This is really ugly, really really ugly. I don't for one second suggest doing this in your RDBMS, and really I suggest you fix your data. You should not be storing "delimited" (I use that word loosely to describe your data) data in your tables you should be storing in in separate columns and rows. In this case, the first "code" should be in one column, with a one to many relationship with another table with the codes you're trying to extract.
As you haven't tagged or mentioned your Version of SQL Server I've used the latest SQL Server syntax.
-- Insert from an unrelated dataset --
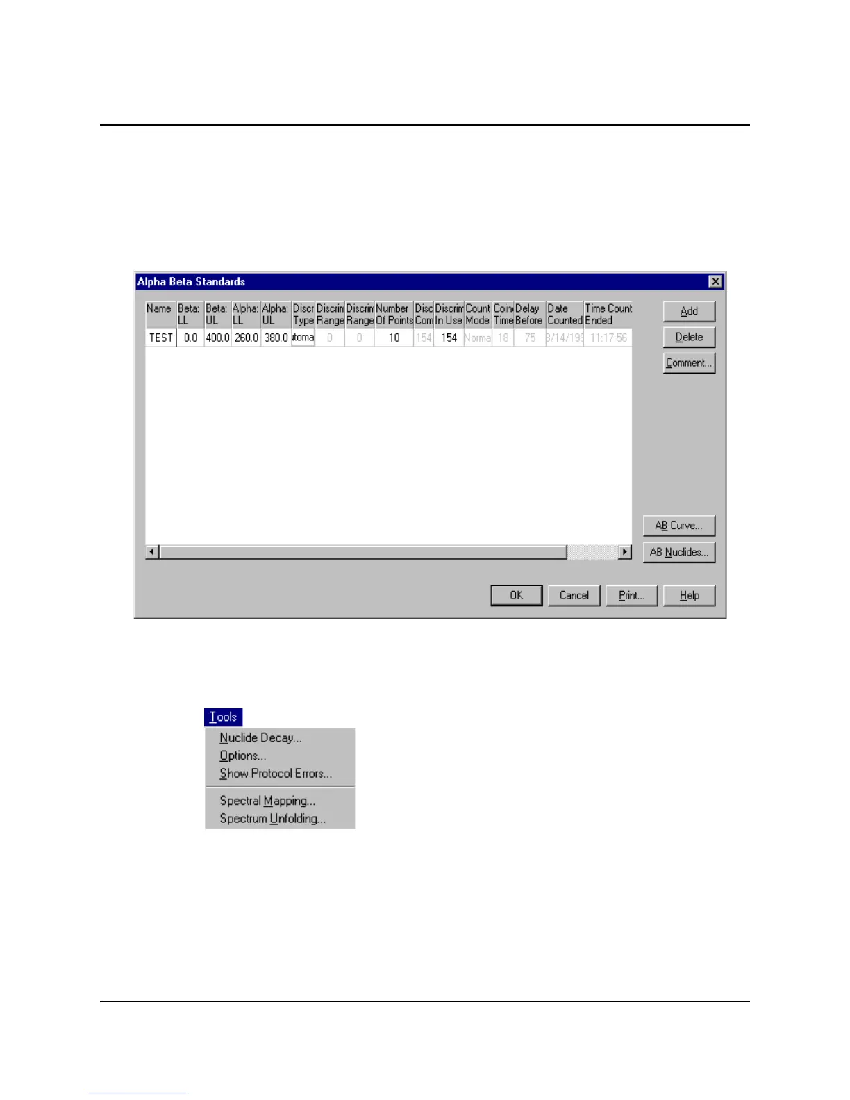 This menu item allows you to display the Alpha Beta Standards Library window.

STRING_SPLIT
is available in SQL Server 2016+ and STRING_AGG
in 2017+. If you aren't using those versions you will need to replace those functions with a suitable alternative (I suggest delimitedsplit8k(_lead)
and FOR XML PATH
respectively).
Anyway, what this does. Firstly we need to fix that data to something more useable, so I change the double hyphens (--
) to a Pipe (|
), as that doesn't seem to appear in your data. Then then use that pipe to split your data into parts (individual codes).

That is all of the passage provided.